* **Task brief**: Once the pictures are removed, output the remaining entries exactly as given.

===== Extracted material

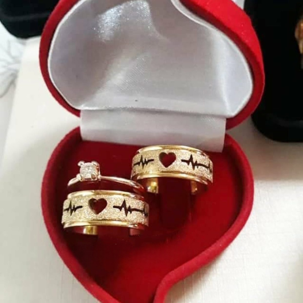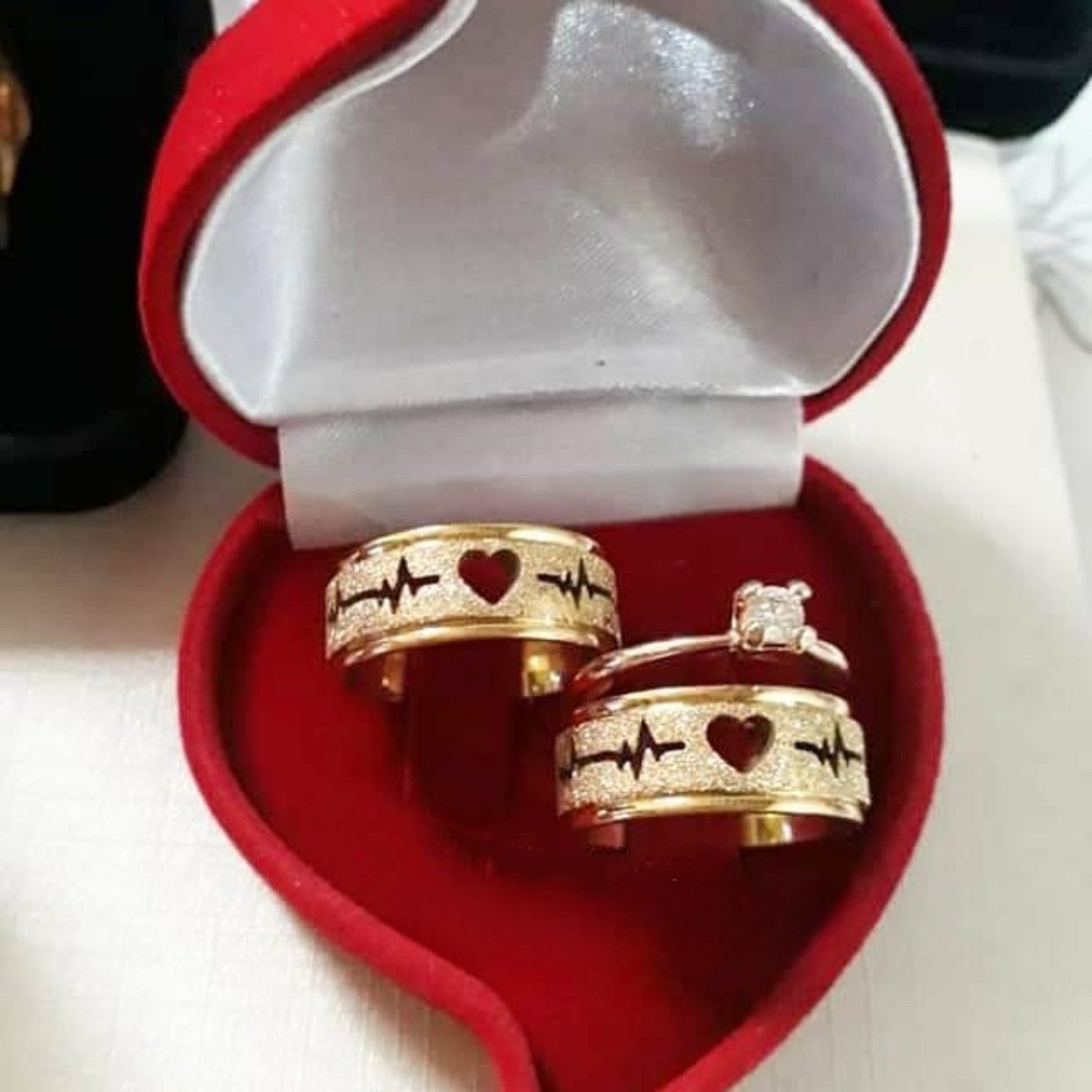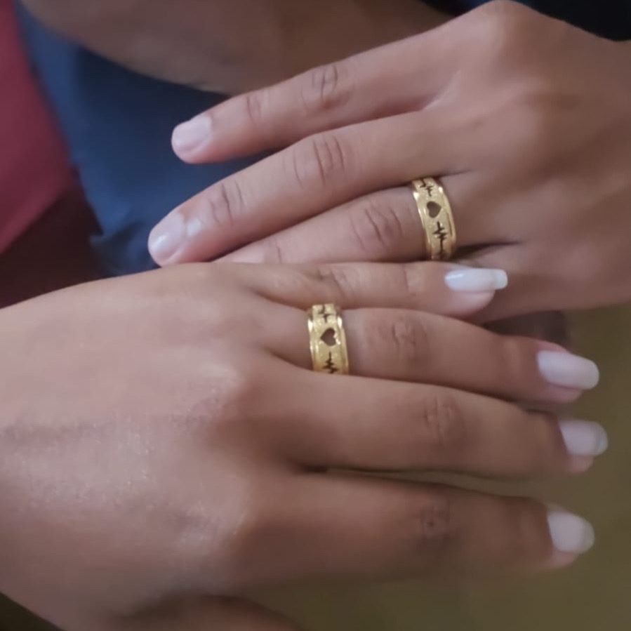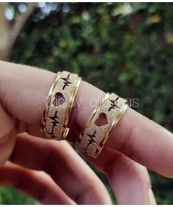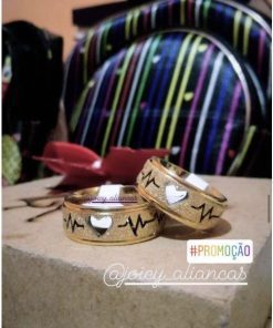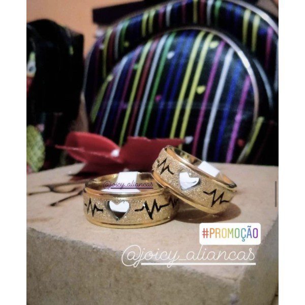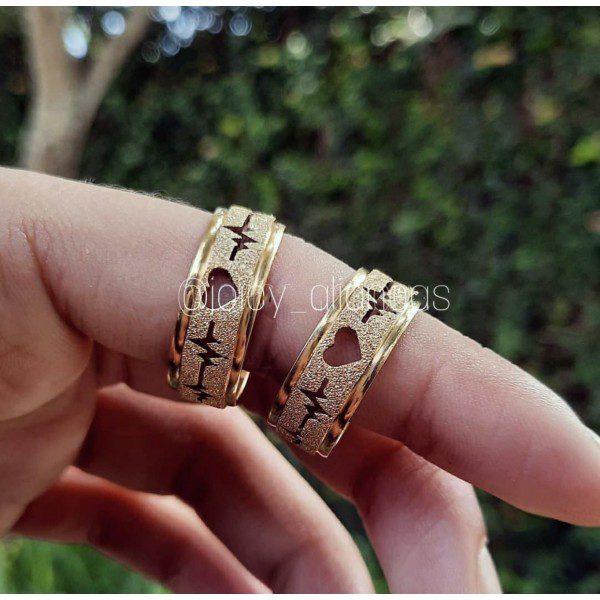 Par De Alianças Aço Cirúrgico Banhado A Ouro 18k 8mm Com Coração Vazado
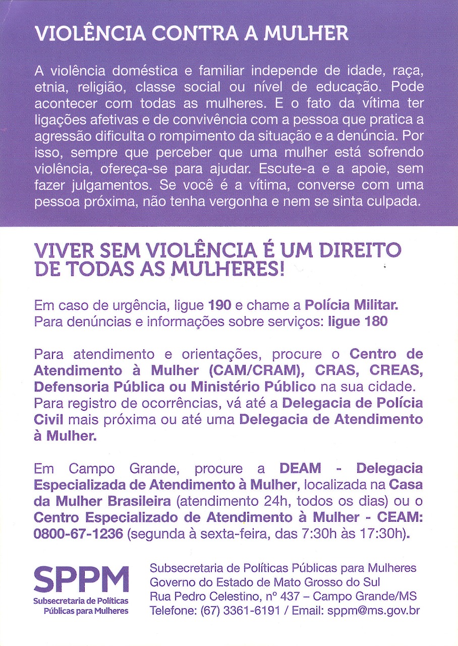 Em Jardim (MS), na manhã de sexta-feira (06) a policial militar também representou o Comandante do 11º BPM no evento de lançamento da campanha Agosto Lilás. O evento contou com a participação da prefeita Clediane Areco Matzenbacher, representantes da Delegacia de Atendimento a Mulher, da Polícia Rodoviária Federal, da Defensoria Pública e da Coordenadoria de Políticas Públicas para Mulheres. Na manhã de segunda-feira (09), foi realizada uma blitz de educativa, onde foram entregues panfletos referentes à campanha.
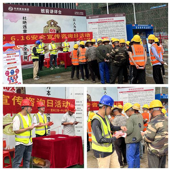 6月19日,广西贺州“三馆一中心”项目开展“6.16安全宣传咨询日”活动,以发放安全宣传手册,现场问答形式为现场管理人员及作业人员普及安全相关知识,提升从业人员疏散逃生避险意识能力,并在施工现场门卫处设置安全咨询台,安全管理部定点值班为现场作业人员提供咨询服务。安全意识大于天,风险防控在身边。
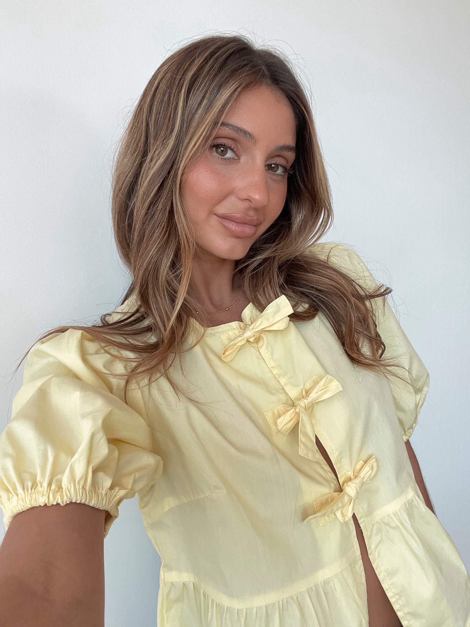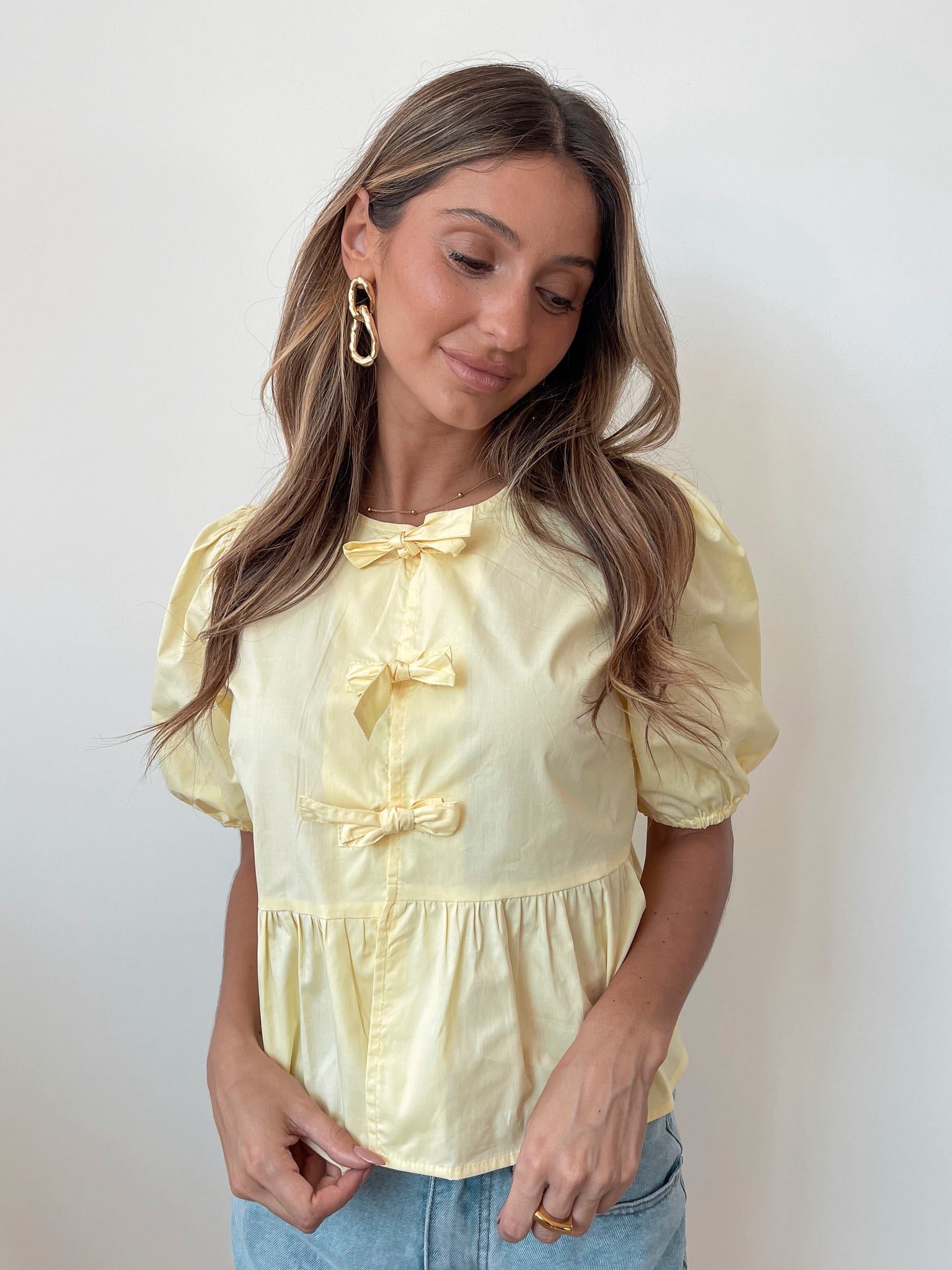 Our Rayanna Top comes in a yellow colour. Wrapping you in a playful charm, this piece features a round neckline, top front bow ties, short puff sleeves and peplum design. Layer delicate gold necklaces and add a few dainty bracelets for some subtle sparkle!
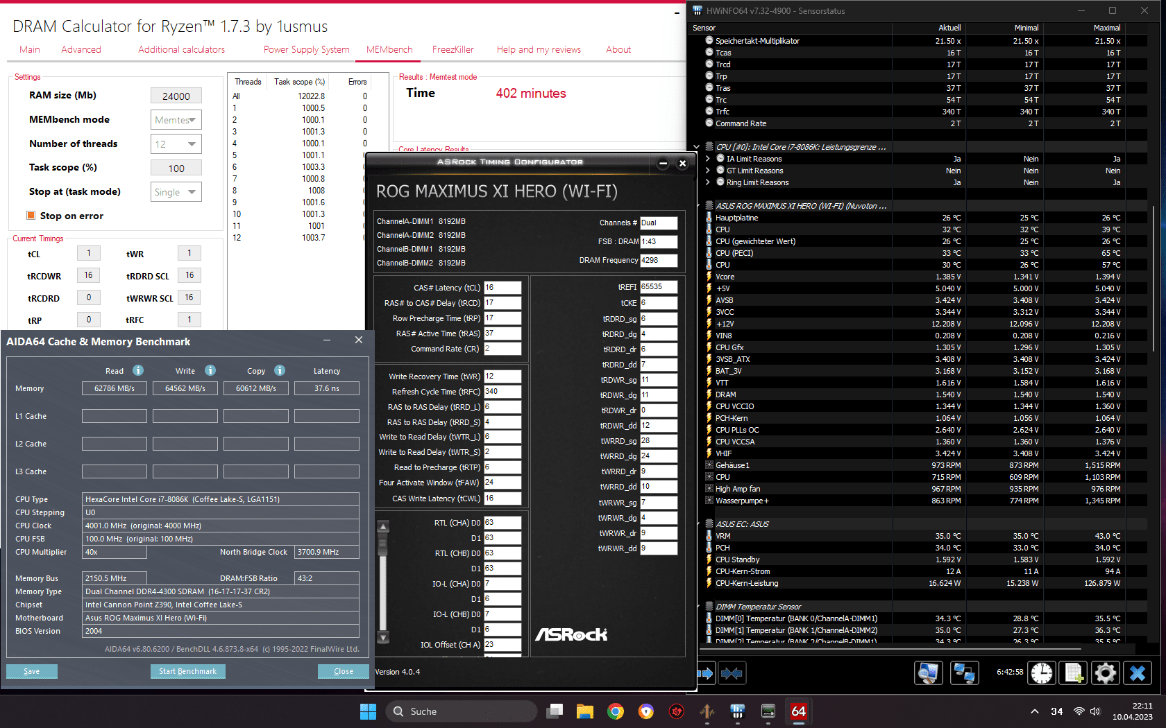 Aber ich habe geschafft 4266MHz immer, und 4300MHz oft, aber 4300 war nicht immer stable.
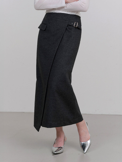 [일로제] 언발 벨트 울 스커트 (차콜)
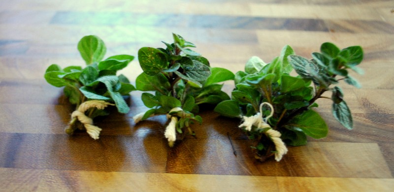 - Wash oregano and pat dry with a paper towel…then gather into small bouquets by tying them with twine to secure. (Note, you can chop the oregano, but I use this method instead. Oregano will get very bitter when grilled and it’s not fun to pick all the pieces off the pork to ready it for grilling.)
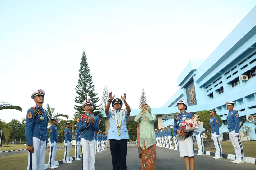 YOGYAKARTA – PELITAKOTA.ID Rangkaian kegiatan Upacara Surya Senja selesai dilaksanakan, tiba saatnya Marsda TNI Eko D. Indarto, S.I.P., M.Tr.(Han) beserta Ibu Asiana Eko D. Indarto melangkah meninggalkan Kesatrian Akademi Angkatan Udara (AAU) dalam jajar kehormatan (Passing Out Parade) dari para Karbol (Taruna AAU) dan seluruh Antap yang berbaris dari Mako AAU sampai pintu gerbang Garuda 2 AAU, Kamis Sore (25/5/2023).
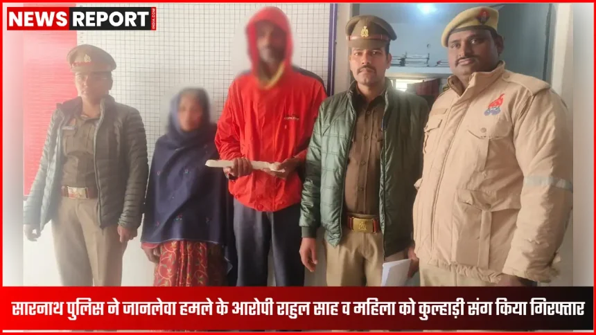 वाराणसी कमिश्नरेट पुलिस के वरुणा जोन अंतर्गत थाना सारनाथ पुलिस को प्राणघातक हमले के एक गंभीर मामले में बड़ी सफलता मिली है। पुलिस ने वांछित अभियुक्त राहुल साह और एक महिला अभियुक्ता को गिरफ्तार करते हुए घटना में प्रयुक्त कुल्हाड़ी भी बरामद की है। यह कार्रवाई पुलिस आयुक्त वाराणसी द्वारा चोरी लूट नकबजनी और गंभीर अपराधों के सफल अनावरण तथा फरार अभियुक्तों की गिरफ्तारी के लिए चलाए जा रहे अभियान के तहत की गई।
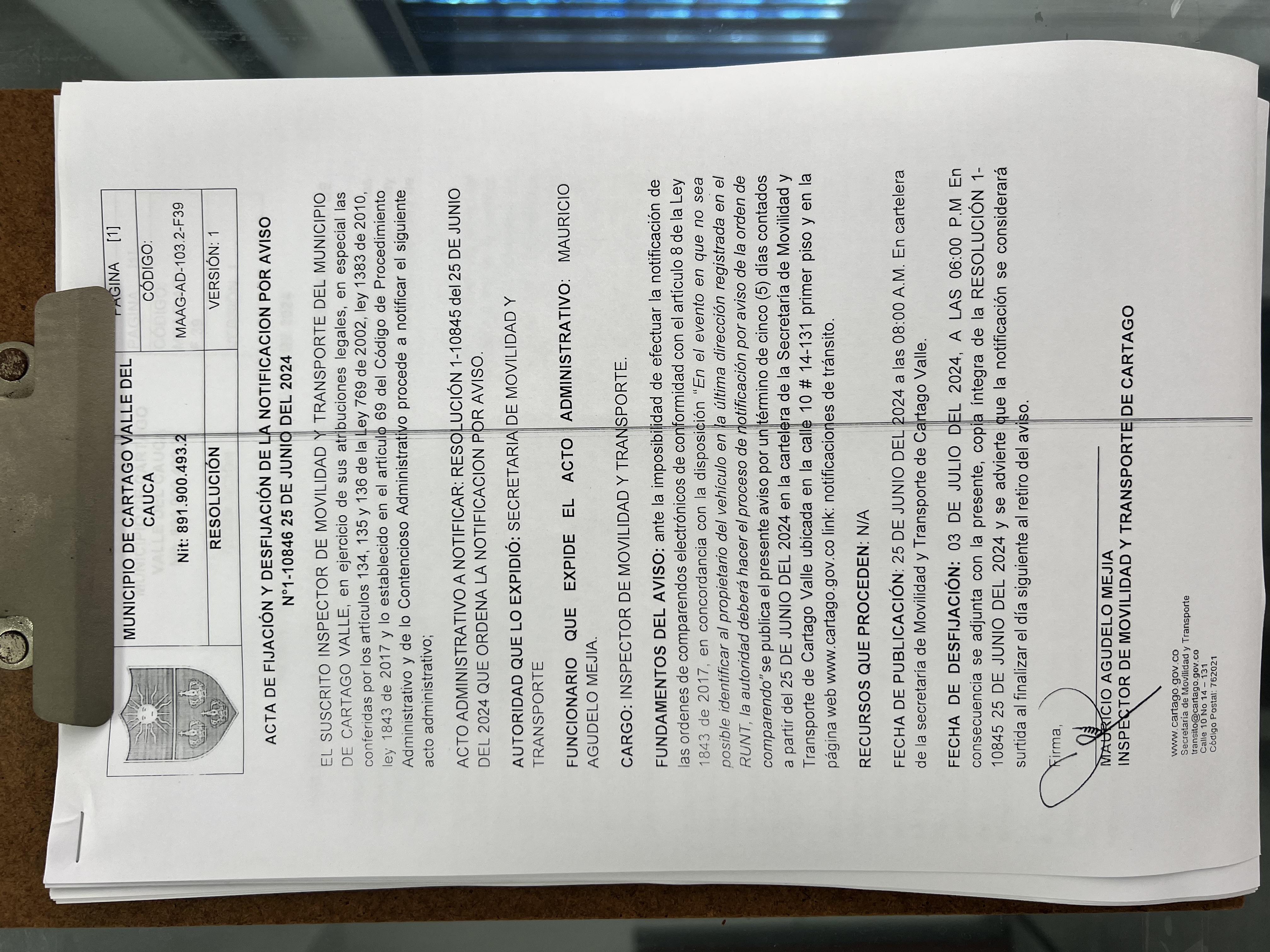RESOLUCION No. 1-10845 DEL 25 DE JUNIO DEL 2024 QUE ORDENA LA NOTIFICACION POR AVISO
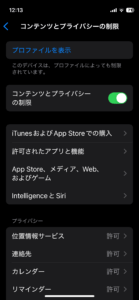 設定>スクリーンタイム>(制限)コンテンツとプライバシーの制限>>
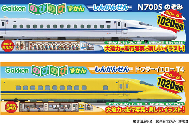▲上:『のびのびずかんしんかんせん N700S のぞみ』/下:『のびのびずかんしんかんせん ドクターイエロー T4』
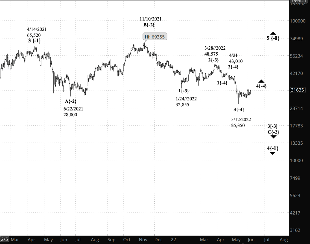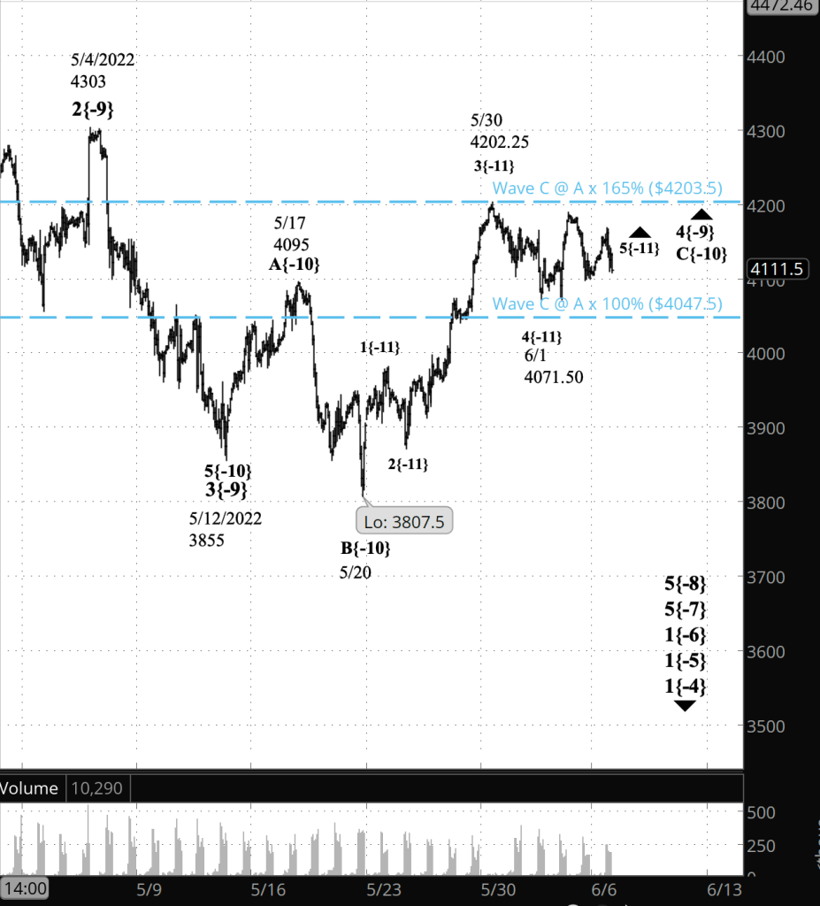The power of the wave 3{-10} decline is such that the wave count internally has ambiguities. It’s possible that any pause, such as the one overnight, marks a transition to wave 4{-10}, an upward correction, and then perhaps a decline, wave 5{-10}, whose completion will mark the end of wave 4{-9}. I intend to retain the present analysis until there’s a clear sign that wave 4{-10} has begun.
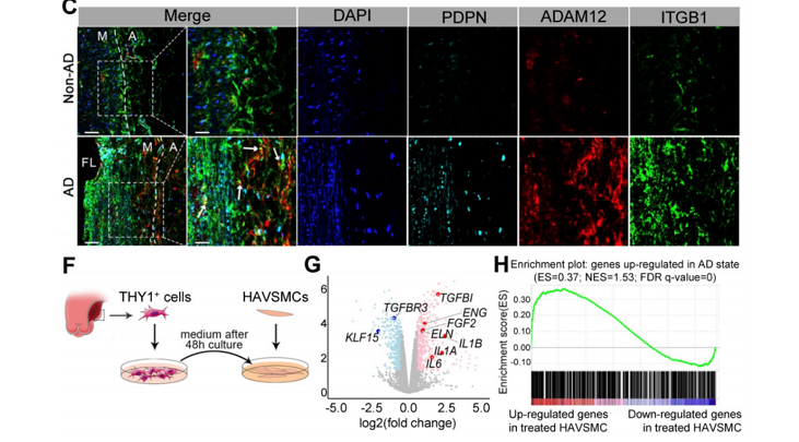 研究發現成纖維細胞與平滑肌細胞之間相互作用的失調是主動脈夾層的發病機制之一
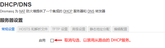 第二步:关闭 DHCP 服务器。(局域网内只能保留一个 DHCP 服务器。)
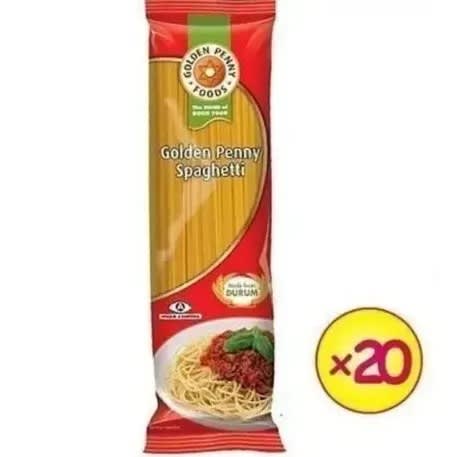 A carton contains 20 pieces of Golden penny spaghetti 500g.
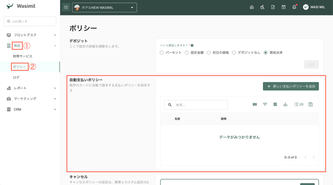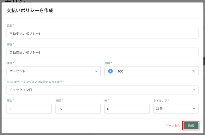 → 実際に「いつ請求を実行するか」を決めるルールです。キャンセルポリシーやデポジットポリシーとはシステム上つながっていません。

==========

* **Response to the task**:
 Par De Alianças Aço Cirúrgico Banhado A Ouro 18k 8mm Com Coração Vazado
 Em Jardim (MS), na manhã de sexta-feira (06) a policial militar também representou o Comandante do 11º BPM no evento de lançamento da campanha Agosto Lilás. O evento contou com a participação da prefeita Clediane Areco Matzenbacher, representantes da Delegacia de Atendimento a Mulher, da Polícia Rodoviária Federal, da Defensoria Pública e da Coordenadoria de Políticas Públicas para Mulheres. Na manhã de segunda-feira (09), foi realizada uma blitz de educativa, onde foram entregues panfletos referentes à campanha.
 6月19日,广西贺州“三馆一中心”项目开展“6.16安全宣传咨询日”活动,以发放安全宣传手册,现场问答形式为现场管理人员及作业人员普及安全相关知识,提升从业人员疏散逃生避险意识能力,并在施工现场门卫处设置安全咨询台,安全管理部定点值班为现场作业人员提供咨询服务。安全意识大于天,风险防控在身边。
 Our Rayanna Top comes in a yellow colour. Wrapping you in a playful charm, this piece features a round neckline, top front bow ties, short puff sleeves and peplum design. Layer delicate gold necklaces and add a few dainty bracelets for some subtle sparkle!
 Aber ich habe geschafft 4266MHz immer, und 4300MHz oft, aber 4300 war nicht immer stable.
 [일로제] 언발 벨트 울 스커트 (차콜)
 - Wash oregano and pat dry with a paper towel…then gather into small bouquets by tying them with twine to secure. (Note, you can chop the oregano, but I use this method instead. Oregano will get very bitter when grilled and it’s not fun to pick all the pieces off the pork to ready it for grilling.)
 YOGYAKARTA – PELITAKOTA.ID Rangkaian kegiatan Upacara Surya Senja selesai dilaksanakan, tiba saatnya Marsda TNI Eko D. Indarto, S.I.P., M.Tr.(Han) beserta Ibu Asiana Eko D. Indarto melangkah meninggalkan Kesatrian Akademi Angkatan Udara (AAU) dalam jajar kehormatan (Passing Out Parade) dari para Karbol (Taruna AAU) dan seluruh Antap yang berbaris dari Mako AAU sampai pintu gerbang Garuda 2 AAU, Kamis Sore (25/5/2023).
 वाराणसी कमिश्नरेट पुलिस के वरुणा जोन अंतर्गत थाना सारनाथ पुलिस को प्राणघातक हमले के एक गंभीर मामले में बड़ी सफलता मिली है। पुलिस ने वांछित अभियुक्त राहुल साह और एक महिला अभियुक्ता को गिरफ्तार करते हुए घटना में प्रयुक्त कुल्हाड़ी भी बरामद की है। यह कार्रवाई पुलिस आयुक्त वाराणसी द्वारा चोरी लूट नकबजनी और गंभीर अपराधों के सफल अनावरण तथा फरार अभियुक्तों की गिरफ्तारी के लिए चलाए जा रहे अभियान के तहत की गई।
RESOLUCION No. 1-10845 DEL 25 DE JUNIO DEL 2024 QUE ORDENA LA NOTIFICACION POR AVISO
 設定>スクリーンタイム>(制限)コンテンツとプライバシーの制限>>
▲上:『のびのびずかんしんかんせん N700S のぞみ』/下:『のびのびずかんしんかんせん ドクターイエロー T4』
The power of the wave 3{-10} decline is such that the wave count internally has ambiguities. It’s possible that any pause, such as the one overnight, marks a transition to wave 4{-10}, an upward correction, and then perhaps a decline, wave 5{-10}, whose completion will mark the end of wave 4{-9}. I intend to retain the present analysis until there’s a clear sign that wave 4{-10} has begun.
 研究發現成纖維細胞與平滑肌細胞之間相互作用的失調是主動脈夾層的發病機制之一
 第二步:关闭 DHCP 服务器。(局域网内只能保留一个 DHCP 服务器。)
 A carton contains 20 pieces of Golden penny spaghetti 500g.
 → 実際に「いつ請求を実行するか」を決めるルールです。キャンセルポリシーやデポジットポリシーとはシステム上つながっていません。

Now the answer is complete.